#### [GIVEN ENTRIES]
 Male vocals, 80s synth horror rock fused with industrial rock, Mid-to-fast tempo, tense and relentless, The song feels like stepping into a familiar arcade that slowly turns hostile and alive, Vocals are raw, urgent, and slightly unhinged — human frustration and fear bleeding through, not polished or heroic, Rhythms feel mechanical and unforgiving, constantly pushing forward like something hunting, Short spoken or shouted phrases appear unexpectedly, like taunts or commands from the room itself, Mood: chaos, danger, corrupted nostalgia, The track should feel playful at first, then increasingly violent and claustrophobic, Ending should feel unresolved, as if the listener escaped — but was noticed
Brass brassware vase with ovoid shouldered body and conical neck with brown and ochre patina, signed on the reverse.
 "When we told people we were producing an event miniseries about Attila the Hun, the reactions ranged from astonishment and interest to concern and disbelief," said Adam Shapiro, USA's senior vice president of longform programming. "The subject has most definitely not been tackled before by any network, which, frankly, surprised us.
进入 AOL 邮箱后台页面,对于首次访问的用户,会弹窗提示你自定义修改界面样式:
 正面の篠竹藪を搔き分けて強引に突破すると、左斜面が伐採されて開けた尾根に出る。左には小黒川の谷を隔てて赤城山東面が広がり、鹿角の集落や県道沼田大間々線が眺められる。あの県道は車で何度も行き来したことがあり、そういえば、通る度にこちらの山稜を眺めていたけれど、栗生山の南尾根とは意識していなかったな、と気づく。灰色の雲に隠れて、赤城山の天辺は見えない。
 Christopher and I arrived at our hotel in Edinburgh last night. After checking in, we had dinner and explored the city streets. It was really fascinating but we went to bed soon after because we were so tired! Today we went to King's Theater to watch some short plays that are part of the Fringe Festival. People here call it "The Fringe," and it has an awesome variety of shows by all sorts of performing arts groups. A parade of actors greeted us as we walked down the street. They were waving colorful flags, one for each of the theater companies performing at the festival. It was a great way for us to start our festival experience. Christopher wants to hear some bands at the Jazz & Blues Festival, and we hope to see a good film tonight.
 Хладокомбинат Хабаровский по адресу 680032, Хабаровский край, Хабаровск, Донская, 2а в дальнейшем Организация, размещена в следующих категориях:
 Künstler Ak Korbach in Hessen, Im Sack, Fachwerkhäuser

#### [EXERCISE PROMPT]
Find the word "from" in the records and pull out each line that has it.

#### [TASK RESULT]
 Male vocals, 80s synth horror rock fused with industrial rock, Mid-to-fast tempo, tense and relentless, The song feels like stepping into a familiar arcade that slowly turns hostile and alive, Vocals are raw, urgent, and slightly unhinged — human frustration and fear bleeding through, not polished or heroic, Rhythms feel mechanical and unforgiving, constantly pushing forward like something hunting, Short spoken or shouted phrases appear unexpectedly, like taunts or commands from the room itself, Mood: chaos, danger, corrupted nostalgia, The track should feel playful at first, then increasingly violent and claustrophobic, Ending should feel unresolved, as if the listener escaped — but was noticed
 "When we told people we were producing an event miniseries about Attila the Hun, the reactions ranged from astonishment and interest to concern and disbelief," said Adam Shapiro, USA's senior vice president of longform programming. "The subject has most definitely not been tackled before by any network, which, frankly, surprised us.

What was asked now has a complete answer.